## Assignment
Exact copies of all records below are needed.

___ Records provided

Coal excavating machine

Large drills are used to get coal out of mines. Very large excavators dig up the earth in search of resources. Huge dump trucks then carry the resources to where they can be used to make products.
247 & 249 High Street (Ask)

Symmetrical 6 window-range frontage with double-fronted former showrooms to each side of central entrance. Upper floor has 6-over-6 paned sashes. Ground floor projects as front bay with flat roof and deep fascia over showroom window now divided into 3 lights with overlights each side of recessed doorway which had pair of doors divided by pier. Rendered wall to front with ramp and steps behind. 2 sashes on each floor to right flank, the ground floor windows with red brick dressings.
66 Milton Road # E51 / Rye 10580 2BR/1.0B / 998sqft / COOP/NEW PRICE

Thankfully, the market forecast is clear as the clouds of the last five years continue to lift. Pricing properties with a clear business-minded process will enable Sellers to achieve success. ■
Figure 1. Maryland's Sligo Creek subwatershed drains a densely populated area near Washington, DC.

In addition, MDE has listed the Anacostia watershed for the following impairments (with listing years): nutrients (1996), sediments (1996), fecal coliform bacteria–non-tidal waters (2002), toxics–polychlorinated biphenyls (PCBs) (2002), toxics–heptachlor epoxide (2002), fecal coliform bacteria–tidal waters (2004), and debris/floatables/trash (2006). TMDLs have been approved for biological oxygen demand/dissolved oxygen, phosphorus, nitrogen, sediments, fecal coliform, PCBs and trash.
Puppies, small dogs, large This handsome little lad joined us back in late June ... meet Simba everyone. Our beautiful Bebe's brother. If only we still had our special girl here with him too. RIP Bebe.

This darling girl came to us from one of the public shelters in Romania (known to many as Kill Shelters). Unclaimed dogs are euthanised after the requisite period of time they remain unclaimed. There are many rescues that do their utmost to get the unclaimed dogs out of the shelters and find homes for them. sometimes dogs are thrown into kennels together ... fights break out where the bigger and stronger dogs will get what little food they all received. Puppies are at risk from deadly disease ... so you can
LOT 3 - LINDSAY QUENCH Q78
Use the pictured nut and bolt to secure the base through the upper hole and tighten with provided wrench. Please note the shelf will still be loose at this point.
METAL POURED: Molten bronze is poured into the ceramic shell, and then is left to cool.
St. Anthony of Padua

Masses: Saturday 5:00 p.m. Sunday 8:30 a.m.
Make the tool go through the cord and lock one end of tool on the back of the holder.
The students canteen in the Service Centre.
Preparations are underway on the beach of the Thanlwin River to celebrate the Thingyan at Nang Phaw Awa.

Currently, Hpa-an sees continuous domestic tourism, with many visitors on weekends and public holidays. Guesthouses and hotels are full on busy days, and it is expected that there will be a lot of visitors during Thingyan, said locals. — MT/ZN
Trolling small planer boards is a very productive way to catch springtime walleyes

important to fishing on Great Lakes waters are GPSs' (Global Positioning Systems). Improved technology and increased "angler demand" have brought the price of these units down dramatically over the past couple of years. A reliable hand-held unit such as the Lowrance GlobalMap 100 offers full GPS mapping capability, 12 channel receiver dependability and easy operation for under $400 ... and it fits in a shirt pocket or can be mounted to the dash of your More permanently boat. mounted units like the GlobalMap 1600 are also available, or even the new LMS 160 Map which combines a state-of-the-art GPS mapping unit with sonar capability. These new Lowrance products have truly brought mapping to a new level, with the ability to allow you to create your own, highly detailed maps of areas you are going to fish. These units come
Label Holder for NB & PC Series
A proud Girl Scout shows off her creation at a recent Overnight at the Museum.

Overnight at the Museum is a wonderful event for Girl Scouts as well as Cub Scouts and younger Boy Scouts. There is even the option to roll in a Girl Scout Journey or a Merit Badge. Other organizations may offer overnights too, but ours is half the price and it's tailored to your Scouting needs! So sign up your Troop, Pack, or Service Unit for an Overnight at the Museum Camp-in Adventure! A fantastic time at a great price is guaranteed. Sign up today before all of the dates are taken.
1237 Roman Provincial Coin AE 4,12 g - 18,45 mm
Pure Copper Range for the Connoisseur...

______

## Result of the task
Coal excavating machine

Large drills are used to get coal out of mines. Very large excavators dig up the earth in search of resources. Huge dump trucks then carry the resources to where they can be used to make products.
247 & 249 High Street (Ask)

Symmetrical 6 window-range frontage with double-fronted former showrooms to each side of central entrance. Upper floor has 6-over-6 paned sashes. Ground floor projects as front bay with flat roof and deep fascia over showroom window now divided into 3 lights with overlights each side of recessed doorway which had pair of doors divided by pier. Rendered wall to front with ramp and steps behind. 2 sashes on each floor to right flank, the ground floor windows with red brick dressings.
66 Milton Road # E51 / Rye 10580 2BR/1.0B / 998sqft / COOP/NEW PRICE

Thankfully, the market forecast is clear as the clouds of the last five years continue to lift. Pricing properties with a clear business-minded process will enable Sellers to achieve success. ■
Figure 1. Maryland's Sligo Creek subwatershed drains a densely populated area near Washington, DC.

In addition, MDE has listed the Anacostia watershed for the following impairments (with listing years): nutrients (1996), sediments (1996), fecal coliform bacteria–non-tidal waters (2002), toxics–polychlorinated biphenyls (PCBs) (2002), toxics–heptachlor epoxide (2002), fecal coliform bacteria–tidal waters (2004), and debris/floatables/trash (2006). TMDLs have been approved for biological oxygen demand/dissolved oxygen, phosphorus, nitrogen, sediments, fecal coliform, PCBs and trash.
Puppies, small dogs, large This handsome little lad joined us back in late June ... meet Simba everyone. Our beautiful Bebe's brother. If only we still had our special girl here with him too. RIP Bebe.

This darling girl came to us from one of the public shelters in Romania (known to many as Kill Shelters). Unclaimed dogs are euthanised after the requisite period of time they remain unclaimed. There are many rescues that do their utmost to get the unclaimed dogs out of the shelters and find homes for them. sometimes dogs are thrown into kennels together ... fights break out where the bigger and stronger dogs will get what little food they all received. Puppies are at risk from deadly disease ... so you can
LOT 3 - LINDSAY QUENCH Q78
Use the pictured nut and bolt to secure the base through the upper hole and tighten with provided wrench. Please note the shelf will still be loose at this point.
METAL POURED: Molten bronze is poured into the ceramic shell, and then is left to cool.
St. Anthony of Padua

Masses: Saturday 5:00 p.m. Sunday 8:30 a.m.
Make the tool go through the cord and lock one end of tool on the back of the holder.
The students canteen in the Service Centre.
Preparations are underway on the beach of the Thanlwin River to celebrate the Thingyan at Nang Phaw Awa.

Currently, Hpa-an sees continuous domestic tourism, with many visitors on weekends and public holidays. Guesthouses and hotels are full on busy days, and it is expected that there will be a lot of visitors during Thingyan, said locals. — MT/ZN
Trolling small planer boards is a very productive way to catch springtime walleyes

important to fishing on Great Lakes waters are GPSs' (Global Positioning Systems). Improved technology and increased "angler demand" have brought the price of these units down dramatically over the past couple of years. A reliable hand-held unit such as the Lowrance GlobalMap 100 offers full GPS mapping capability, 12 channel receiver dependability and easy operation for under $400 ... and it fits in a shirt pocket or can be mounted to the dash of your More permanently boat. mounted units like the GlobalMap 1600 are also available, or even the new LMS 160 Map which combines a state-of-the-art GPS mapping unit with sonar capability. These new Lowrance products have truly brought mapping to a new level, with the ability to allow you to create your own, highly detailed maps of areas you are going to fish. These units come
Label Holder for NB & PC Series
A proud Girl Scout shows off her creation at a recent Overnight at the Museum.

Overnight at the Museum is a wonderful event for Girl Scouts as well as Cub Scouts and younger Boy Scouts. There is even the option to roll in a Girl Scout Journey or a Merit Badge. Other organizations may offer overnights too, but ours is half the price and it's tailored to your Scouting needs! So sign up your Troop, Pack, or Service Unit for an Overnight at the Museum Camp-in Adventure! A fantastic time at a great price is guaranteed. Sign up today before all of the dates are taken.
1237 Roman Provincial Coin AE 4,12 g - 18,45 mm
Pure Copper Range for the Connoisseur...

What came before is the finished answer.